▸ Required action
Would you please transcribe the data in full and exactly, excluding images?

▸ Data for review
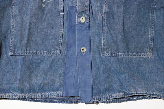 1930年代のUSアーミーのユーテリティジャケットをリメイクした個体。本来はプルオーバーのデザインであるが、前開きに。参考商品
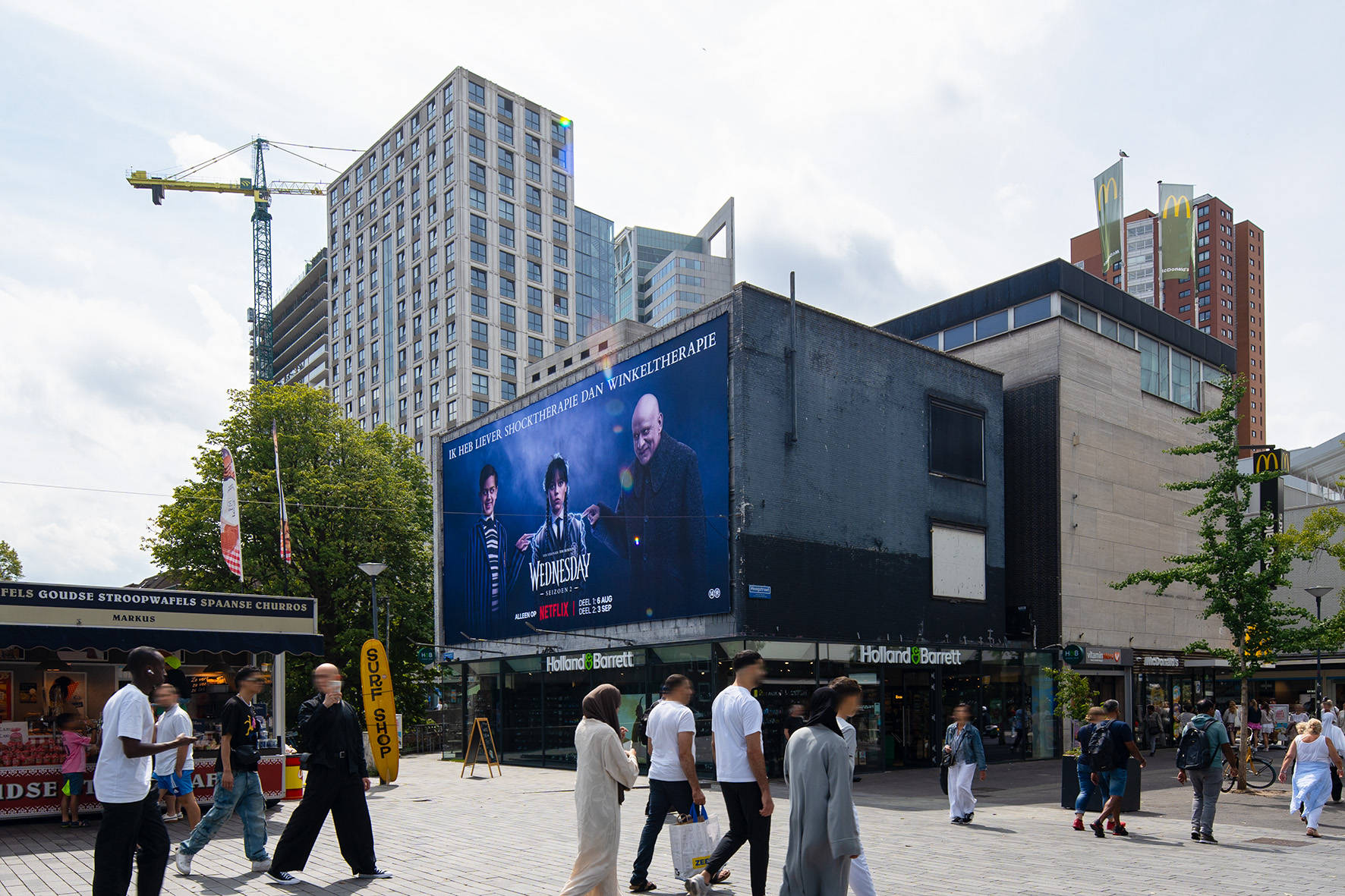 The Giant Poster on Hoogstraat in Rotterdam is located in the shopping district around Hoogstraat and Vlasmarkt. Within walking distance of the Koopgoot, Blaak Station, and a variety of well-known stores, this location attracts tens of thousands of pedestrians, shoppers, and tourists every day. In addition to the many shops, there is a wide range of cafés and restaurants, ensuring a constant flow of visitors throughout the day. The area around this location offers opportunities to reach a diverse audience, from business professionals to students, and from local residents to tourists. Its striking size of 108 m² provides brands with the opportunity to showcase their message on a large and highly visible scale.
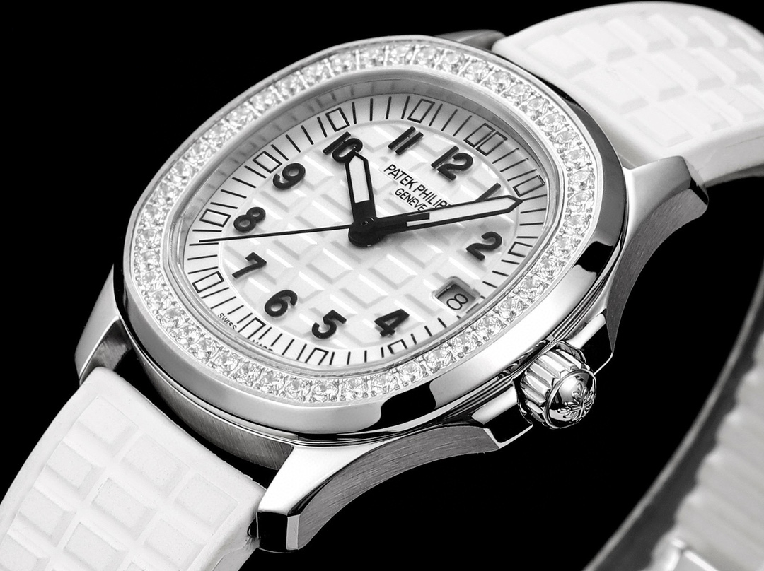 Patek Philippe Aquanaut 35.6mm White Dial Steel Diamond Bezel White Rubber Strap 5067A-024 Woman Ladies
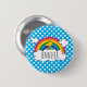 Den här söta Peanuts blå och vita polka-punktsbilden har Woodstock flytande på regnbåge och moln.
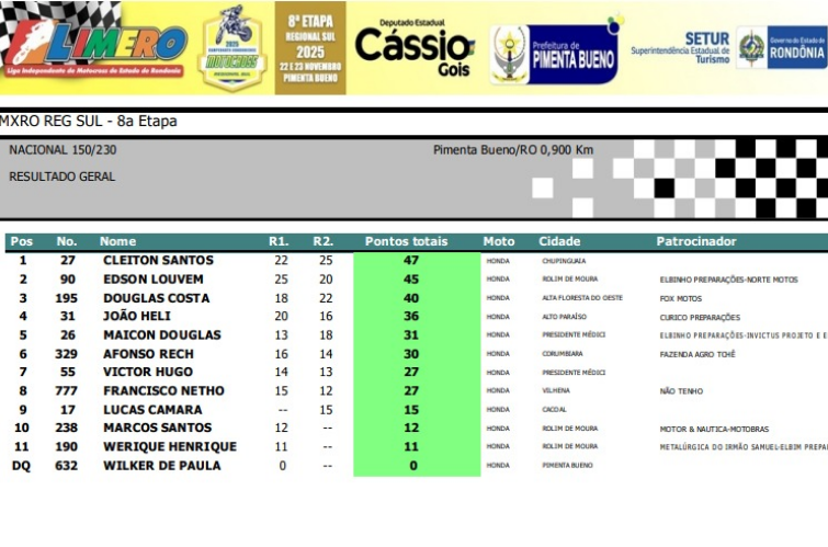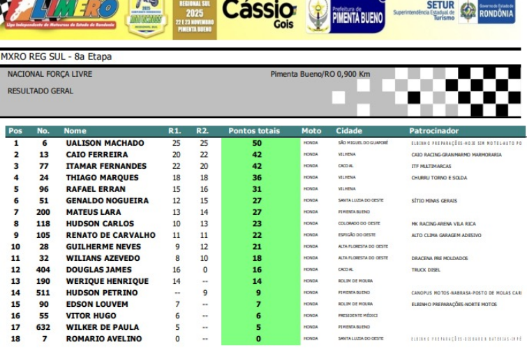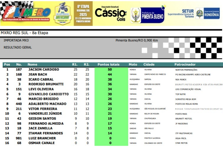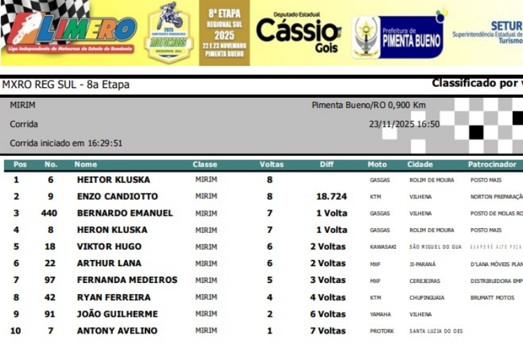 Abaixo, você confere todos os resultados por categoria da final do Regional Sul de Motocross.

▸ Task solution
 1930年代のUSアーミーのユーテリティジャケットをリメイクした個体。本来はプルオーバーのデザインであるが、前開きに。参考商品
 The Giant Poster on Hoogstraat in Rotterdam is located in the shopping district around Hoogstraat and Vlasmarkt. Within walking distance of the Koopgoot, Blaak Station, and a variety of well-known stores, this location attracts tens of thousands of pedestrians, shoppers, and tourists every day. In addition to the many shops, there is a wide range of cafés and restaurants, ensuring a constant flow of visitors throughout the day. The area around this location offers opportunities to reach a diverse audience, from business professionals to students, and from local residents to tourists. Its striking size of 108 m² provides brands with the opportunity to showcase their message on a large and highly visible scale.
 Patek Philippe Aquanaut 35.6mm White Dial Steel Diamond Bezel White Rubber Strap 5067A-024 Woman Ladies
 Den här söta Peanuts blå och vita polka-punktsbilden har Woodstock flytande på regnbåge och moln.
 Abaixo, você confere todos os resultados por categoria da final do Regional Sul de Motocross.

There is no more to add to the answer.